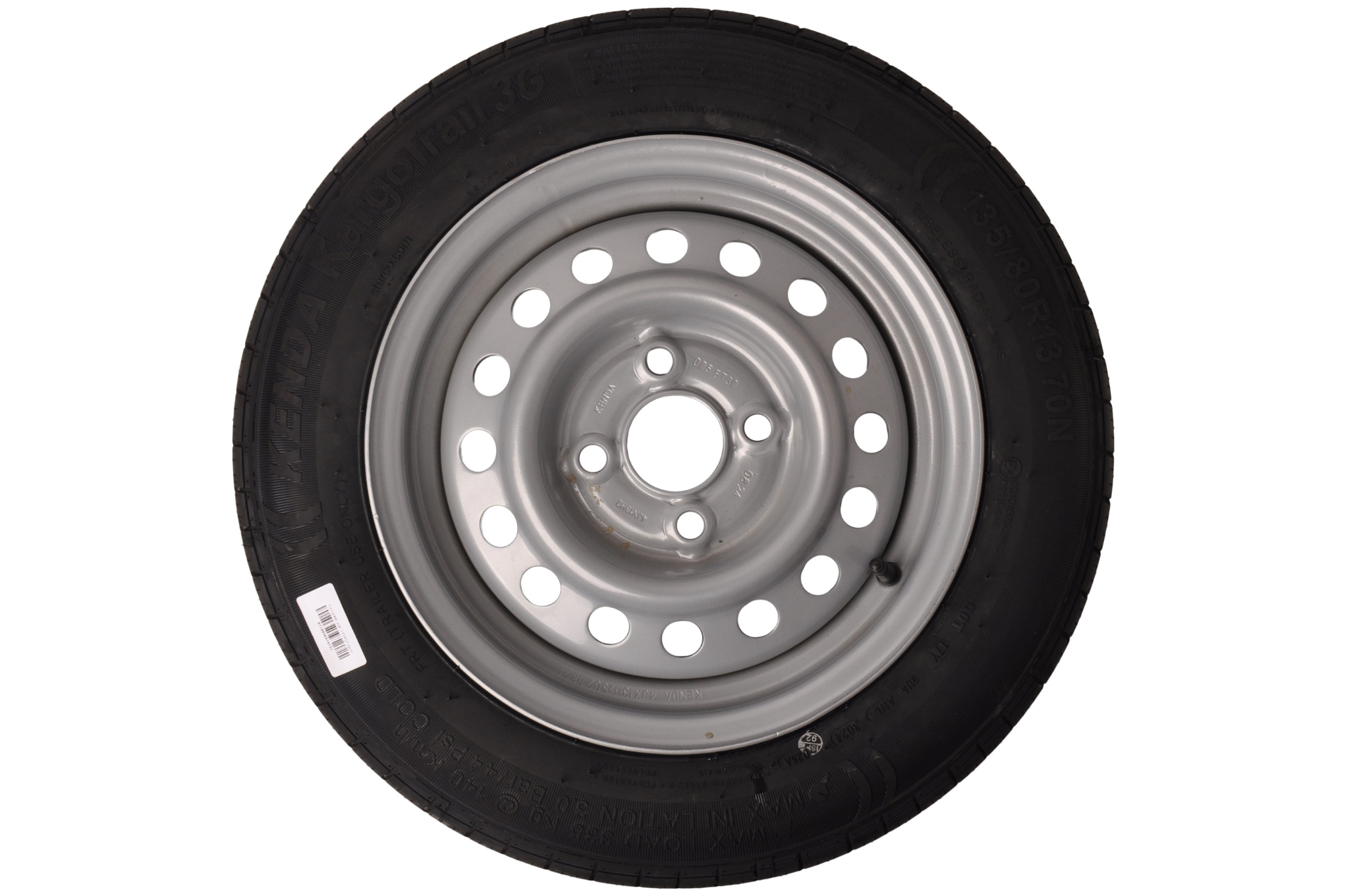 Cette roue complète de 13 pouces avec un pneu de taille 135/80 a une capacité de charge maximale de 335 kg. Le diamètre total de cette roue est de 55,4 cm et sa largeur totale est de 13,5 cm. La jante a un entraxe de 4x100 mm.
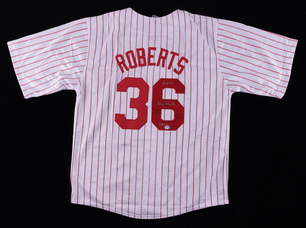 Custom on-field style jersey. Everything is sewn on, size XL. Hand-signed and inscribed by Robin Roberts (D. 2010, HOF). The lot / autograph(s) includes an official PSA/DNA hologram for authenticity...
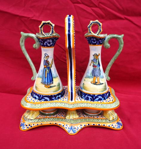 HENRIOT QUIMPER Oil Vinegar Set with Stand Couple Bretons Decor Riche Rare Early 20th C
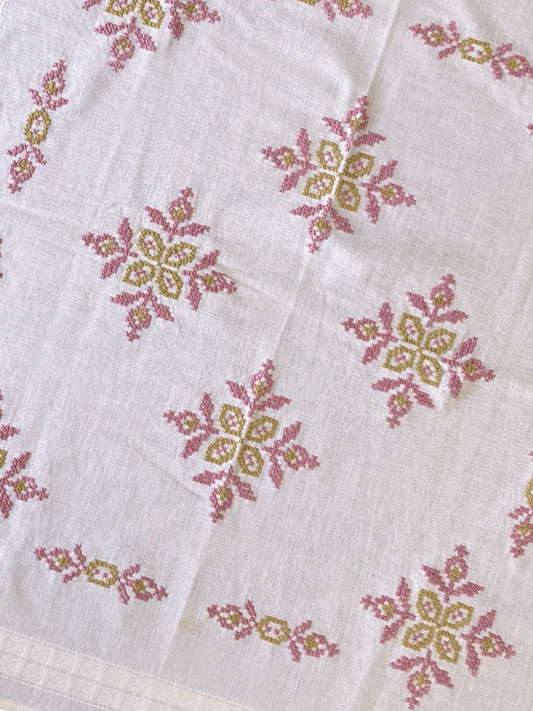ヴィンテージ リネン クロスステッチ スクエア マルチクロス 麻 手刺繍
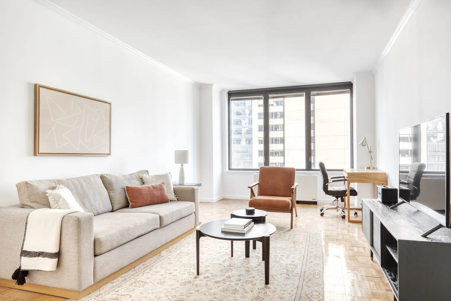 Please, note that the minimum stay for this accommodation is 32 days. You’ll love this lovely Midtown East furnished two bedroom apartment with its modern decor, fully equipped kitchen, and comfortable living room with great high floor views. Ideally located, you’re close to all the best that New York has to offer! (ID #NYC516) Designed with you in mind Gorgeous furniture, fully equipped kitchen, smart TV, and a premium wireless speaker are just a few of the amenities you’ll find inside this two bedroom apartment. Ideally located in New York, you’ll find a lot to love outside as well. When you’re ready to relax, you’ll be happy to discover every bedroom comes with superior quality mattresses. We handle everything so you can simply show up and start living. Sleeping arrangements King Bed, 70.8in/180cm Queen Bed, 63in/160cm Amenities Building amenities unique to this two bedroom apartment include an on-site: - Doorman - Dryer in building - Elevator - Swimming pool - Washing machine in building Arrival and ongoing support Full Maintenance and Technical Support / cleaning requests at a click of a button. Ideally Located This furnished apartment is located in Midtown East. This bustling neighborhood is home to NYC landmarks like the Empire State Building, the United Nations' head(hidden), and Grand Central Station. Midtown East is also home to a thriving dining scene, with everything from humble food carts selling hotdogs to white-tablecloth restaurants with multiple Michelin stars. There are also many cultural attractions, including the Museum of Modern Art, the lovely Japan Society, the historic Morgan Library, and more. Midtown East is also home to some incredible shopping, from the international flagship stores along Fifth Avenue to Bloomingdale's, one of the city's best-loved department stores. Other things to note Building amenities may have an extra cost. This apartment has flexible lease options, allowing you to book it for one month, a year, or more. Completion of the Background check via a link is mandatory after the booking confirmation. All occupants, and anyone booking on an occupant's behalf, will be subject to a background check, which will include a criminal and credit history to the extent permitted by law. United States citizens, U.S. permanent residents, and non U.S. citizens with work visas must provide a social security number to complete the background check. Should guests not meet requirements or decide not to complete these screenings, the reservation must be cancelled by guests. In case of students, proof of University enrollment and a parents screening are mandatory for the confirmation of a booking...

===============

What is needed:
Exact copies of the entries above are needed, with every picture removed.

Exercise output:
 Cette roue complète de 13 pouces avec un pneu de taille 135/80 a une capacité de charge maximale de 335 kg. Le diamètre total de cette roue est de 55,4 cm et sa largeur totale est de 13,5 cm. La jante a un entraxe de 4x100 mm.
 Custom on-field style jersey. Everything is sewn on, size XL. Hand-signed and inscribed by Robin Roberts (D. 2010, HOF). The lot / autograph(s) includes an official PSA/DNA hologram for authenticity...
 HENRIOT QUIMPER Oil Vinegar Set with Stand Couple Bretons Decor Riche Rare Early 20th C
ヴィンテージ リネン クロスステッチ スクエア マルチクロス 麻 手刺繍
 Please, note that the minimum stay for this accommodation is 32 days. You’ll love this lovely Midtown East furnished two bedroom apartment with its modern decor, fully equipped kitchen, and comfortable living room with great high floor views. Ideally located, you’re close to all the best that New York has to offer! (ID #NYC516) Designed with you in mind Gorgeous furniture, fully equipped kitchen, smart TV, and a premium wireless speaker are just a few of the amenities you’ll find inside this two bedroom apartment. Ideally located in New York, you’ll find a lot to love outside as well. When you’re ready to relax, you’ll be happy to discover every bedroom comes with superior quality mattresses. We handle everything so you can simply show up and start living. Sleeping arrangements King Bed, 70.8in/180cm Queen Bed, 63in/160cm Amenities Building amenities unique to this two bedroom apartment include an on-site: - Doorman - Dryer in building - Elevator - Swimming pool - Washing machine in building Arrival and ongoing support Full Maintenance and Technical Support / cleaning requests at a click of a button. Ideally Located This furnished apartment is located in Midtown East. This bustling neighborhood is home to NYC landmarks like the Empire State Building, the United Nations' head(hidden), and Grand Central Station. Midtown East is also home to a thriving dining scene, with everything from humble food carts selling hotdogs to white-tablecloth restaurants with multiple Michelin stars. There are also many cultural attractions, including the Museum of Modern Art, the lovely Japan Society, the historic Morgan Library, and more. Midtown East is also home to some incredible shopping, from the international flagship stores along Fifth Avenue to Bloomingdale's, one of the city's best-loved department stores. Other things to note Building amenities may have an extra cost. This apartment has flexible lease options, allowing you to book it for one month, a year, or more. Completion of the Background check via a link is mandatory after the booking confirmation. All occupants, and anyone booking on an occupant's behalf, will be subject to a background check, which will include a criminal and credit history to the extent permitted by law. United States citizens, U.S. permanent residents, and non U.S. citizens with work visas must provide a social security number to complete the background check. Should guests not meet requirements or decide not to complete these screenings, the reservation must be cancelled by guests. In case of students, proof of University enrollment and a parents screening are mandatory for the confirmation of a booking...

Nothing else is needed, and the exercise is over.